The Indian Performing Rights Society (IPRS) have twice been unsuccessful in its attempt at a decision in its favour by the Supreme Court. While these decisions were four decades apart, and arguably the latter decision relied on the former, the difference in the constitution of membership of IPRS in this time period was not enough and IPRS was snaked back to the start much like in the popular board game. While the IPRS has been embroiled in numerous litigations to uphold its rights, there are two streams of litigation that made it to the Supreme Court for interpretation of the rights vested in IPRS. The first originated from the Calcutta High Court in the 1970’s and second from the Delhi High Court which started in the year 2006 (before the 2012 amendments took effect and hence the law interpreted was pre-amendment). The present article will review these two streams of cases and attempt to demonstrate how the reliance on the earlier case was not relevant for the latter. The Bombay High Court in Music Broadcast Private Limited vs. Indian Performing Rights Society MANU/MH/0923/2011and the Madras High Court Muthoot Finance Limited vs. Indian Performing Rights Society MANU/TN/2625/2009 pronounced judgements whose rational did contradict each other but I am not dealing with these cases in the present article.

Eastern India Motion Pictures Association & Ors. Vs. Indian Performing Rights Society Limited & Ors. MANU/WB/0056/1974

The matter arose from an appeal from an order of the Copyright Board. The IPRS had, in the year 1969, published a tariff of charges that it proposed to collect for the grant of licenses, for the performance in public of works in which it has rights. The Appellants, EIMPA consisted of producers (thereby owners) of the respective films including the sound track and objected to the imposition of the tariff. The dispute was confined to the sound track in a cinematographic film. IPRS, whose constitution consisted of lyricists and music composers, took the view that the copyright in the musical works incorporated in the sound track of a cinematographic film’s vests with the composers of lyrics and musical composition and IPRS has the right to collect basis the assignment from the lyricist and composer.

The main question, as framed by the Court was “…whether the composers of lyric and music, in fact, have a copyright in the musical works incorporated in the sound track of a cinematographic film.” The Copyright Board, by an order of 16th May 1973 held that in the absence of proof the composers of lyric and music retained their copyright in their musical works provided they were written or printed and that IPRS had the right to grant a license that it sought. While interpreting Section 17 of the Copyright Act the Calcutta High Court held “A composer of music for valuable consideration who composes for the first time for a cinematographic film does not acquire any copyright in the music unless there is a contract to the contrary. Section 17 of the Copyright Act is the only section that speaks of the first owner and under proviso (b) in a cinematographic film the first owner is the person at whose instance the film is made.” “In our opinion, therefore, when a composer of lyric or music composes for the first time for valuable consideration for the purposes of a cinematographic film, the owner of the film at whose instance the composition is made, becomes the first owner of the Copyright in the composition. The composer acquires no copyright at all either in respect of the film or its sound track which he is capable of assigning…..The composer can claim a copyright only on the basis of an express agreement reserving his copyright between him and the owner of the cinematographic film.” 

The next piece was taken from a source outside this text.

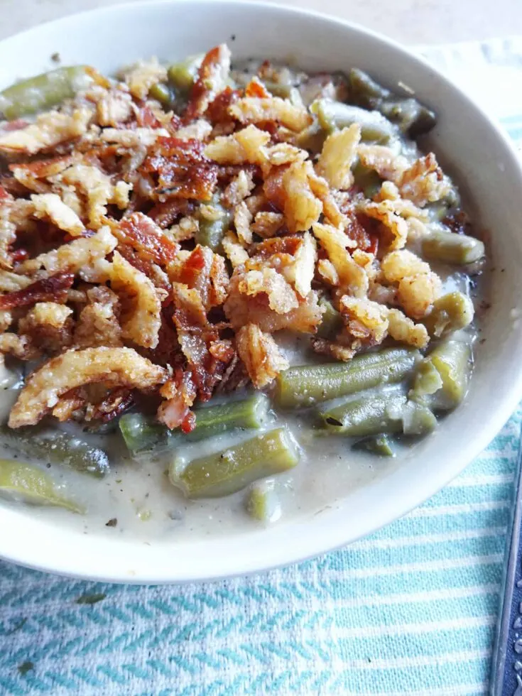 This crockpot green bean casserole with bacon is a newer take on an old favorite. A traditional Thanksgiving side dish, green bean casserole is savory, creamy, and always a hit at the dinner table.

In my reading of this Judgement, the Hon’ble Court while interpreting Section 17 held that the Producer is the first owner of Copyright in the film including by way of being an author under Section 2 {d} and was of the view that the sound track was part of the cinematographic film and thus the Producer was the first owner. The second element is that this was essentially a battle between a Producer and Composer in relation to ownership of rights. This was not a dispute as to whether a separate right exists in an underlying work when a sound recording is communicated. This is more a case of ownership of the right rather than its existence, devolution and not destruction. This Judgement denied the author composer of its claim and not the claim itself.  In my view this issue was not considered by the Supreme Court when it next looked at this issue.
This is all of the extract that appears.